Plant Preview


Welcome to Plant Preview, a blog dedicated to helping gardeners learn about gardening techniques and preview new plant cultivars. Read about new plants here first and hear how your "comrades in compost" are making use of new plant introductions in their gardens and landscapes. Blog author Geri Laufer is a life-long dirt gardener, degreed horticulturist, author and former County Extension Agent. Plant Preview is copyrighted by Geri Laufer.

Tuesday, April 20, 2010

Baby Gem Boxwood is a Valuable Addition to the Landscape

Boxwood is a versatile evergreen shrub with a broad range of forms and sizes that has long been a treasured hedging plant in the garden. Fossilized boxwood leaves and fruit have been discovered dating back approximately 22.5 million years. In Roman times, atria in affluent villas were landscaped with formal boxwood plantings used to frame garden spaces, paths, or doorways. Sculpted or 3-dimensional topiary was/is another use for boxwood, since the dense branching and small leaves supported close shearing. The shapes act as anchors, finials, and ornamentation in the garden. In the Middle Ages, parterres, rose gardens and knot gardens also employed boxwood.

"Man's Oldest Garden Ornament," was introduced to North America from Europe in the mid-1600s and reached peak popularity in the United States during the early 19th century and again during the Colonial Revival era. There are many classic plantings such as the one at Mount Vernon. When I lectured at Colonial Williamsburg I learned it boasts seven miles of boxwood hedges.

The Latin name Buxus sempervirens was given to boxwood by Swedish botanist Carolus Linnaeus in 1753. Buxus means “box” and sempervirens means “evergreen.” The wood of boxwood is highly regarded. It is firm, smooth grained, strong, uniform, has great elasticity and its shrinkage is minimal when dried. It has been used to make beautiful jewel boxes, combs, wood inlays, carved ornaments, utensils, tablets, and flutes.

Today, Baby Gem Boxwood, a new cultivar presented by Garden Debut®, is a valuable addition to the landscape. The vigorous littleleaf boxwood is an exceptionally compact plant with a dense, multi-branched habit, easy to grow and robust in the landscape overall. This broadleaf evergreen vigorously grows a little taller than it is wide, resulting in a rounded form.

Fine-textured, the tiny, lustrous leaves are abundant and add a distinctive color note, retaining their rich, emerald-green color particularly well in winter. Baby Gem Boxwood’s extremely small, lustrous leaves provide a matte effect even when formally sheared or sculpted, since the tiny leaves don’t show shearing cuts.

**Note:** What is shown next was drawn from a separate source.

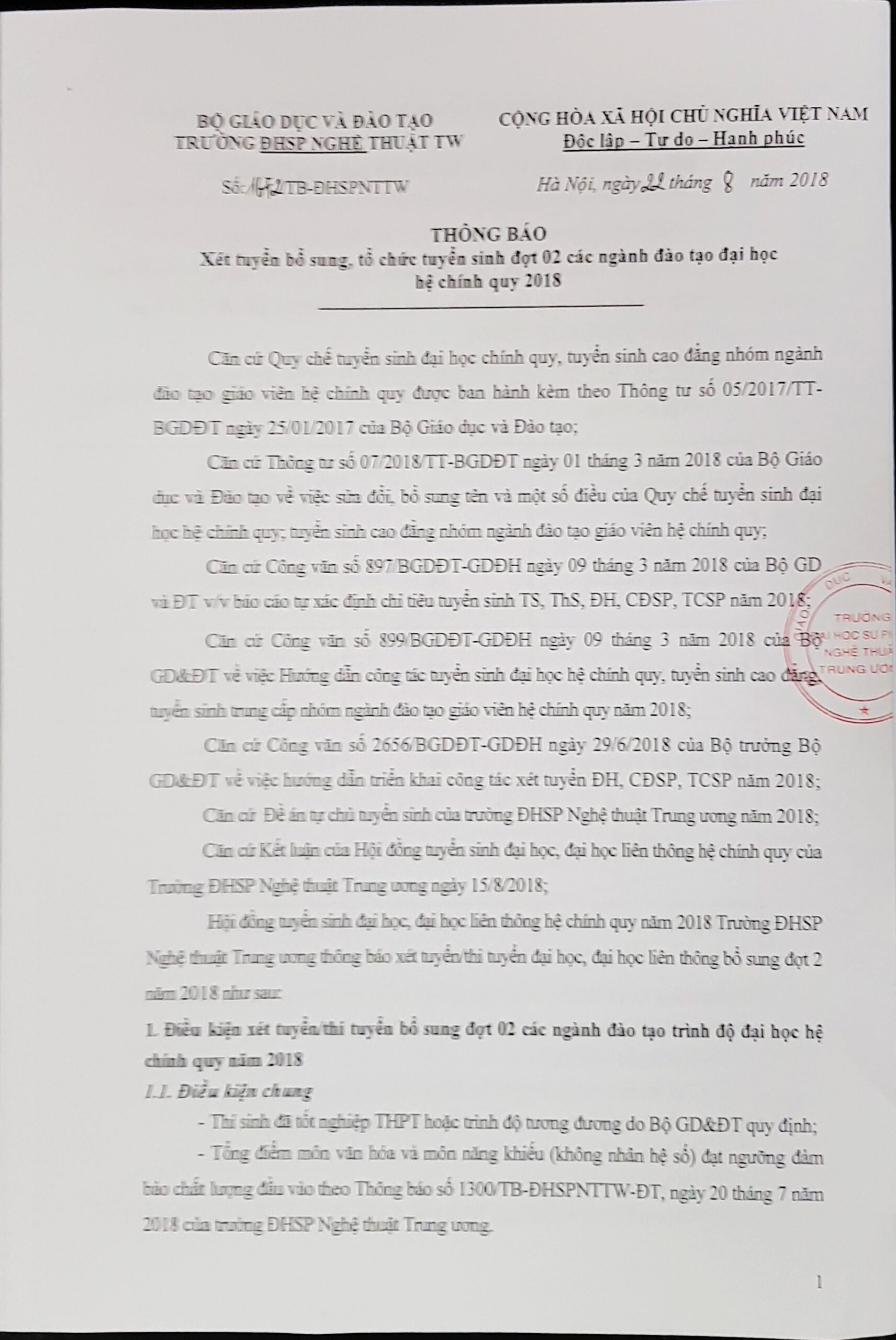 THÔNG BÁO Xét tuyển bổ sung, tổ chức tuyển sinh đợt 02 các ngành đào tạo đại học hệ chính quy 2018

The brisk growth rate makes Baby Gem Boxwood ideal for carefree hedging in a wide area of the U.S. It is an emerald gem of a foundation plant, excellent for edging, and may be clipped for parterres, topiary and formal gardens. The vibrant green hue provides an exceptional backdrop for brilliant annual and perennial flowers and statuary.

Other splendid characteristics of this garden gem include deer resistance and tolerance of dry soils once established. Baby Gem Boxwood flourishes in conditions of sun to shade, and benefits from an organic mulch to keep roots cool. Look for Baby Gem Boxwood in garden centers this spring.